How many of us have fought with our insurance companies for more test strips?  How often are we lumped in with the Type 2 community, who when not on insulin require significantly less testing than our children?

I can only hope that insurance companies will see this important announcement and understand that people with Type 1 need to test more, and as a result…we’ll have more stellar, healthier A1C’s.

Here is something I learned last week while attending the ADA convention:



Obviously, the ADA has our best interest at heart.  Though keep in mind, every child is different.  If your child doesn’t feel his or her lows, if your child is especially sensitive to insulin, or if your child has a problem with hypos regardless of their A1C…draw your own damn guidelines with your doctor. 

Because anyone can say anything about whatever they want…but you and your doctor know what’s best for your child.

Always.

If you remember anything…remember that.

And just keep doing your best.  You can’t do better than that.


Wednesday, June 11, 2014

Diabetes will always be crazy.

It will always be crazy.

Somebody has to say it.

When people are newly diagnosed with Type 1, they are told that honeymoons can be crazy.  Yes, the pancreas kicks in as much insulin as it feels like.  Yes, sometimes it likes to overcompensate for the highs.  Yes, one never knows WHEN it will help and when it won’t.
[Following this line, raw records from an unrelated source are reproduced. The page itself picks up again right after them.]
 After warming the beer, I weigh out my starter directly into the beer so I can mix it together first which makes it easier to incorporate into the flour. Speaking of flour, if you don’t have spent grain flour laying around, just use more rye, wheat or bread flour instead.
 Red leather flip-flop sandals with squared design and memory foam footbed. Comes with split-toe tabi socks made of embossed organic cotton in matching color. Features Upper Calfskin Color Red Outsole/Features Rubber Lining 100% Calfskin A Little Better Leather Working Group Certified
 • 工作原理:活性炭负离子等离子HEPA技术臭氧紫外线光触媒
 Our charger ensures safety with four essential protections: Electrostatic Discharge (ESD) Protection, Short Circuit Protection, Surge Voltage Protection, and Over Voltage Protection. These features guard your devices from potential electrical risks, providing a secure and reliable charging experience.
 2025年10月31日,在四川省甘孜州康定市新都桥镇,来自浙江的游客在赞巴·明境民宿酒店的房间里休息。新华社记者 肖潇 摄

Yes, it is crazy.

But when the honeymoon is over, the crazy doesn’t end…you are only introduced to a new brand of crazy.  Figured out the correct amount of basal insulin to use?  Things going good?  GREAT! 
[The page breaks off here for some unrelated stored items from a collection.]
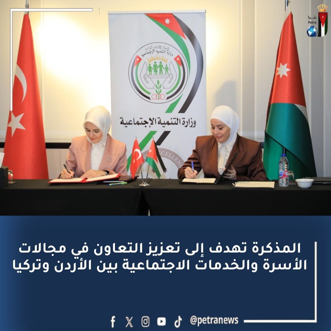 عمان 17 كانون الأول (بترا)- وقعت وزيرة التنمية الاجتماعية، وفاء بني مصطفى، ووزيرة الأسرة والخدمات الاجتماعية التركية، ماهينور أوزدمير غوكطاش، اليوم الأربعاء، مذكرة تفاهم في مجال تعزيز التعاون المشترك في مجالات الأسرة والخدمات الاجتماعية، على هامش أعمال الدورة الـ45 لمجلس وزراء الشؤون الاجتماعية العرب، والمؤتمر العربي رفيع المستوى حول تنفيذ الإعلان الصادر عن مؤتمر القمة العالمي الثاني للتنمية الاجتماعية المنعقد حاليا في عمان.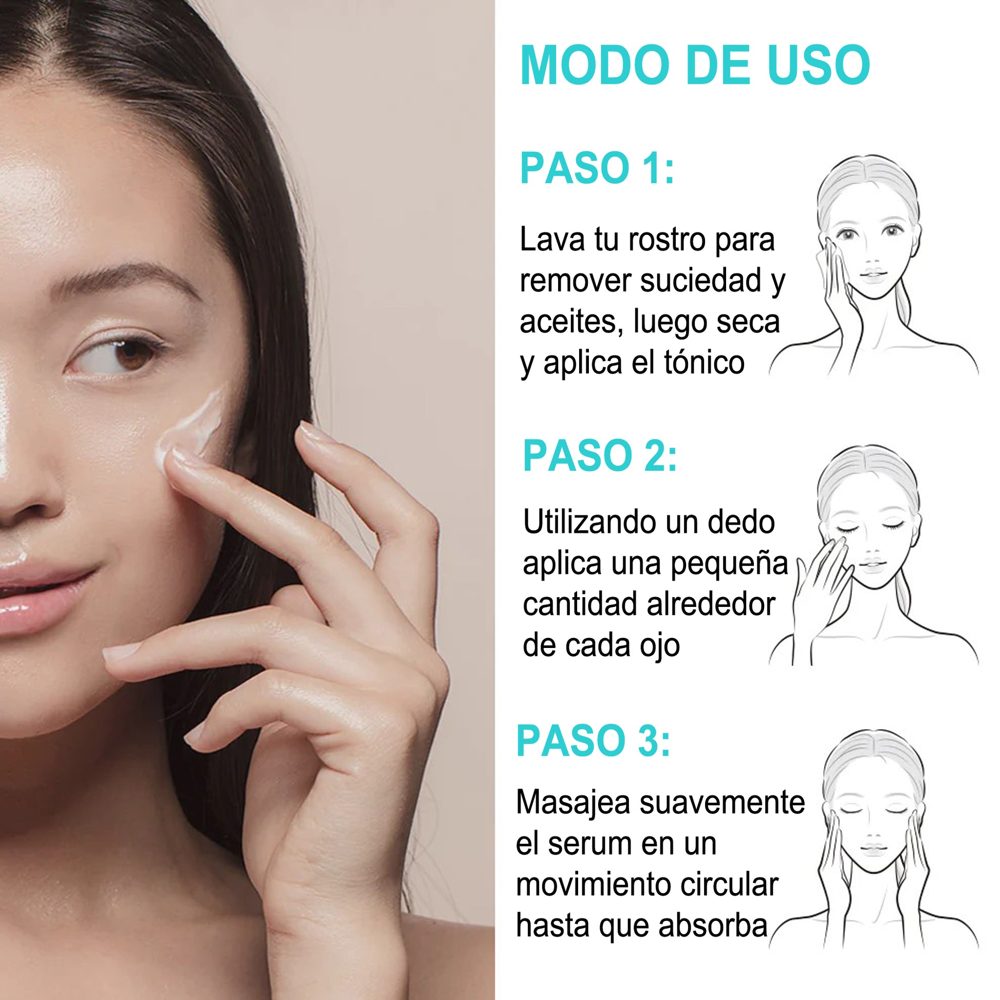 1. Aplique una cantidad del tamaño de una arveja en la punta de un dedo. 2. Con el dedo, dé suaves golpecitos a lo largo del hueso orbital cada mañana. 3. Repita este proceso en cada ojo. 4. Aplique la crema hidratante después de que la piel haya absorbido completamente el sérum. |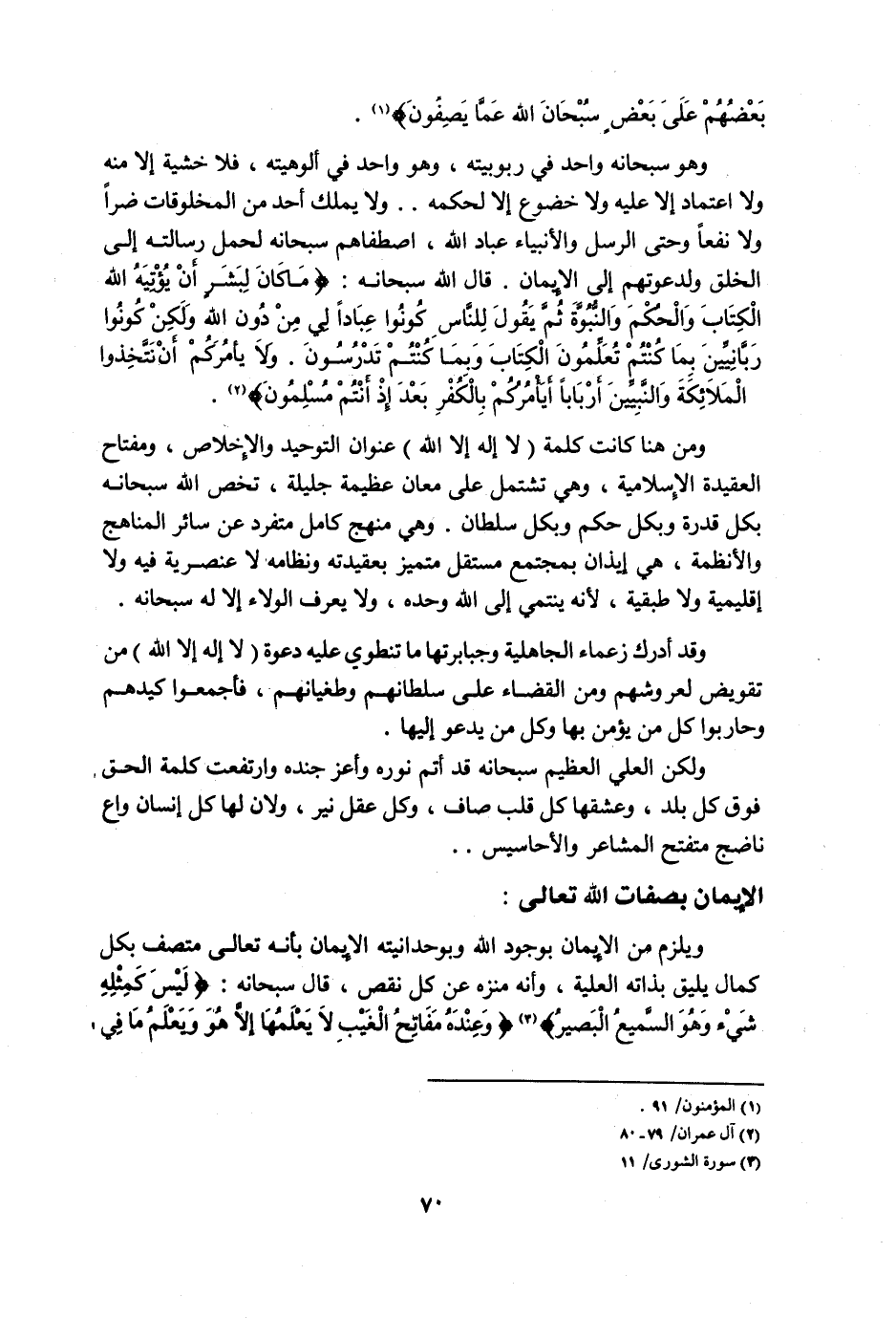 وهو سبحانه واحد في ربوبيته، وهو واحد في ألوهيته، فلا خشية إلا منه ولا اعتماد إلا عليه ولا خضوع إلا لحكمه.. ولا يملك أحد من المخلوقات ضرًّا ولا نفعًا وحتى الرسل والأنبياء عباد الله، اصطفاهم سبحانه لحمل رسالته إلى الخلق ولدعوتهم إلى الإيمان. قال الله سبحانه: {مَا كَانَ لِبَشَرٍ أَنْ يُؤْتِيَهُ اللَّهُ الْكِتَابَ وَالْحُكْمَ وَالنُّبُوَّةَ ثُمَّ يَقُولَ لِلنَّاسِ كُونُوا عِبَادًا لِي مِنْ دُونِ اللَّهِ وَلَكِنْ كُونُوا رَبَّانِيِّينَ بِمَا كُنْتُمْ تُعَلِّمُونَ الْكِتَابَ وَبِمَا كُنتُمْ تَدْرُسُونَ, وَلا يَأْمُرَكُمْ أَنْ تَتَّخِذُوا الْمَلائِكَةَ وَالنَّبِيِّينَ أَرْبَابًا أَيَأْمُرُكُمْ بِالْكُفْرِ بَعْدَ إِذْ أَنْتُمْ مُسْلِمُونَ} 2.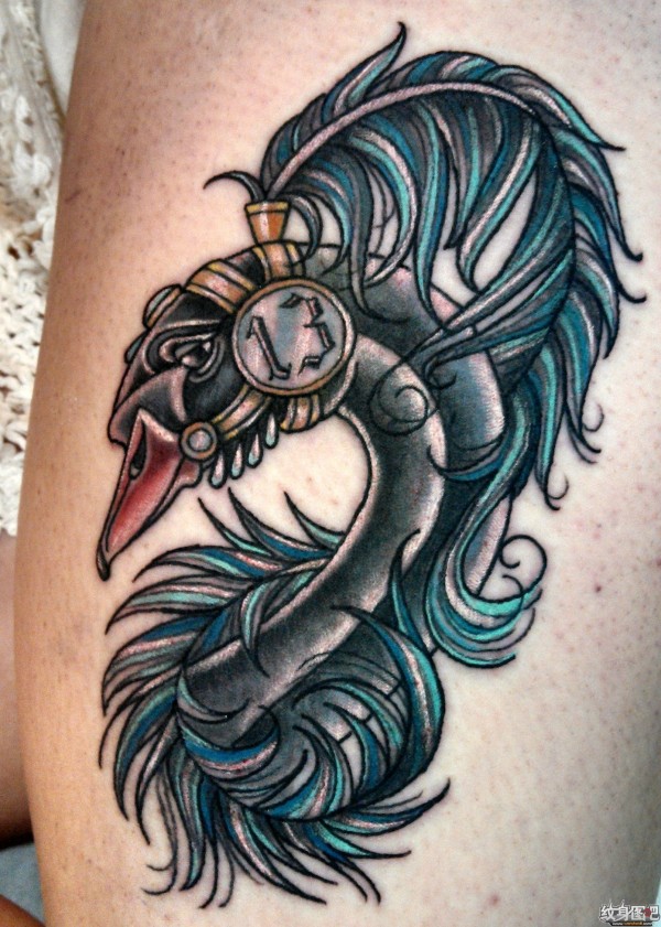 插着孔雀羽毛的黑天鹅纹身图案

It’s going to change next week.

Is that first year crazy after the honeymoon is over?  Absolutely crazy.  I’ll be the first to tell you…but the problem is people think once they get passed that first year, things will not be crazy.

They think that there will be more ((shudder)) control.  Like it's an automatic thing that just happens when diabetes has been around for awhile.

It will always be crazy.

If you have a child they will grow all the time.  There will be a month here and there when they will stop growing, and they won’t be sick and you’ll be all, “Hey, we’re over the crazy!”

Nope.

Because then vacation starts.

Or testing starts.

Or a sport starts.

Or they are fighting with their friends and they are emotional.
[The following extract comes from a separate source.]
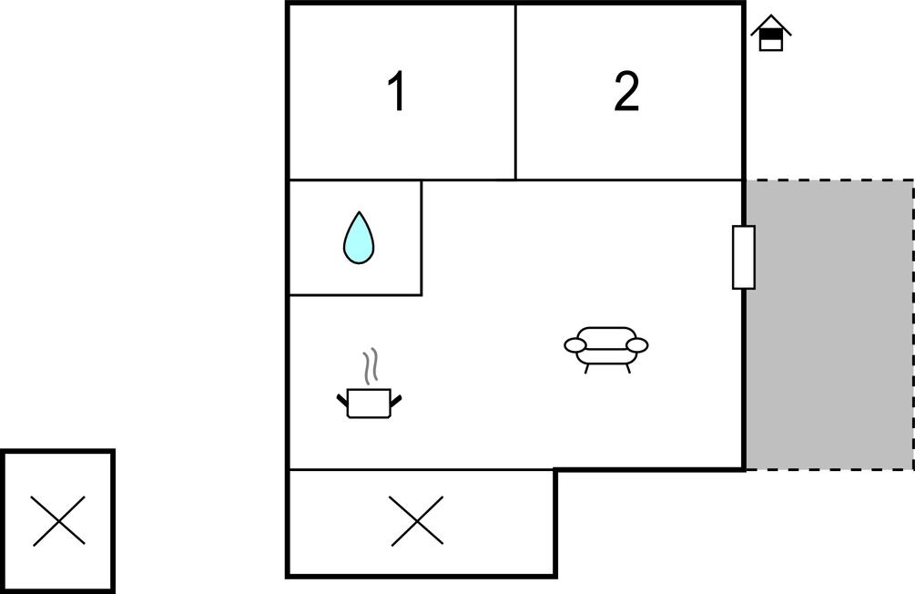Badeværelse 6m2 (nr. 1) - WC. Varmt og koldt vand. Bruser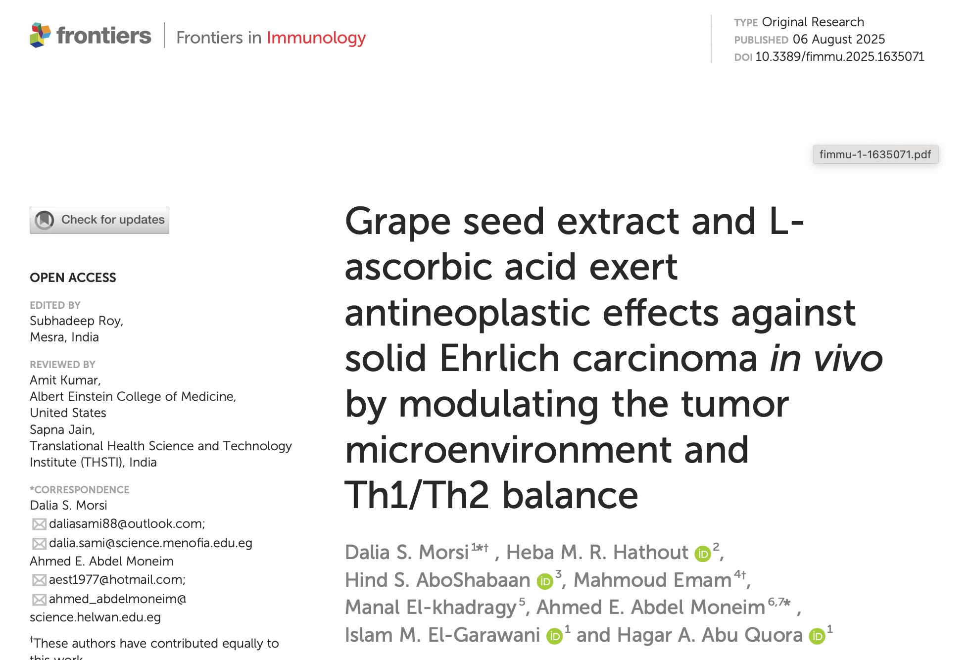 Morsi, D. S., et al. (2025). Grape seed extract and L-ascorbic acid exert antineoplastic effects against solid Ehrlich carcinoma in vivo by modulating the tumor microenvironment and Th1/Th2 balance. Frontiers in Immunology, 16, 1635071.

Or it’s that time of the month.

Or, I don’t know…it’s Sunday?

There is always crazy being flung like rogue snowballs right at our face.


 And when we are beamed with one, we think…it can’t get crazier than this.

And then it does.


 Diabetes ebbs and flows crazy.  I think that should be made clear from the get go. 

There will be good days.  Good months, even good years.  Heck, J had a good 4 years once.  It happens.

But crazy is par for the course.

And instead of being surprised by it, it has served me well to expect it.

Because then it doesn’t sting so bad.

That melted snowball feels good going down, and in some cases I relish in throwing snowballs back, bringing all the crazy down a notch.


 It’s ok that things are not perfect, because they never ever ever will be.

Doing the work is enough.

Catching the crazy, and dealing with it is enough. 

Take one snowball at a time and do what must be done.  Crush it.  Melt it.  Throw it back. For crying in a bucket, eat the damn things.    


Just do SOMETHING…and it will be enough.

It’s the ignoring that gets us in trouble.

I wish I could make every teen understand. 

Something is better than nothing.

Crazy is ok.  Crazy is normal.  It’s the acting on it that has power.

Push the buttons and it will be enough.

Correct that high and it will be enough.

Correct that low and it will be enough.

Find out what the number is and it will be enough.

Be honest with your Endo and it will be enough.

Hiding from the crazy just puts you smack dab in middle of a blizzard.  If you ignore it, more snowballs come, at higher speed, and being constantly pelted all day long gets exhausting.  

And hurts you.


Diabetes is crazy.  Grab your catcher’s mitt and play some defense, and then turn the tables and start playing offense.

You’ll be surprised how less crazy your life will be…even though you are surrounded by it.